Football Analytics: Using R and FBref Data - Part 2

Building on the previous tutorial, this piece will focus on how we can make the scatter plot more appealing and provide additional insight.

Straight-line annotations

For instance, we can add straight lines to see at first glance what teams are performing better than the average for the two variables we are considering, which are non-penalty Goals (npG) and non-penalty Expected Goals (npxG), respectively.

You can use the geom_hline in ggplot to create a horizontal line and set the yintercept parameter to the mean value of non-penalty goals, which can be easily computed using the mean function as follows:

geom_hline(yintercept = mean(shoot_data_team$npG), colour = "#fce53f")

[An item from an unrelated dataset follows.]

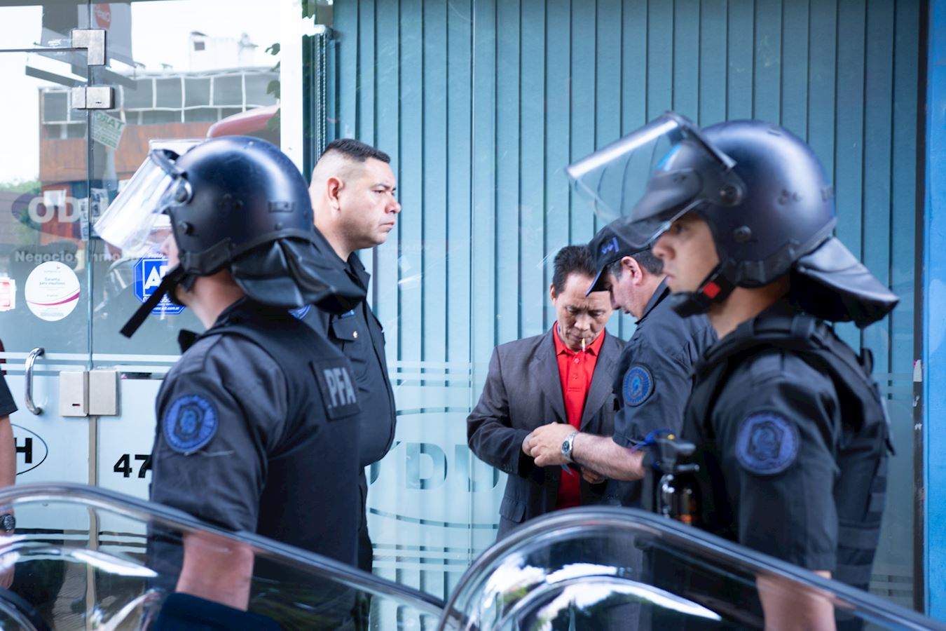 在此次习近平访问期间,当地学员还认出一个曾在二零零四年罗干来阿根廷时,中共雇用的、殴打和平抗议罗干的法轮功学员、后被阿根廷法院下了通缉令的暴徒(一名福建移民)。一位学员手机中存有法院关于他的公告,立即告诉在场的警长,要求逮捕这个暴徒。当时载着该人的中使馆的车已开走了,警车立刻追上,命令中使馆的车队停下,并把那个福建移民带下车,把他带到警局。

By also dding a bit of colour, the above produces the following:

This way, we can easily see which teams are scoring more goals per game than the average. Similarly, the same approach can be applied to the other variable, npxG, to produce a vertical line:

geom_vline(xintercept = mean(shoot_data_team$npxG), colour = "#fce53f")

From the chart above, we can easily notice what squads show a non-penalty Expected Goals figure greater than the average.

Even more interesting would be to plot a diagonal line with slope=1 (y=x) to better highlight which teams have a npxG figure greater than their npG counterpart. It is very simple to achieve this in R thanks to the geom_abline function:

geom_abline(colour = "#fce53f")

Aside from the custom line colour, no additional parameters are needed this time.

The trend line confirms something we had already noticed in the previous post but it's even more visually straightforward now.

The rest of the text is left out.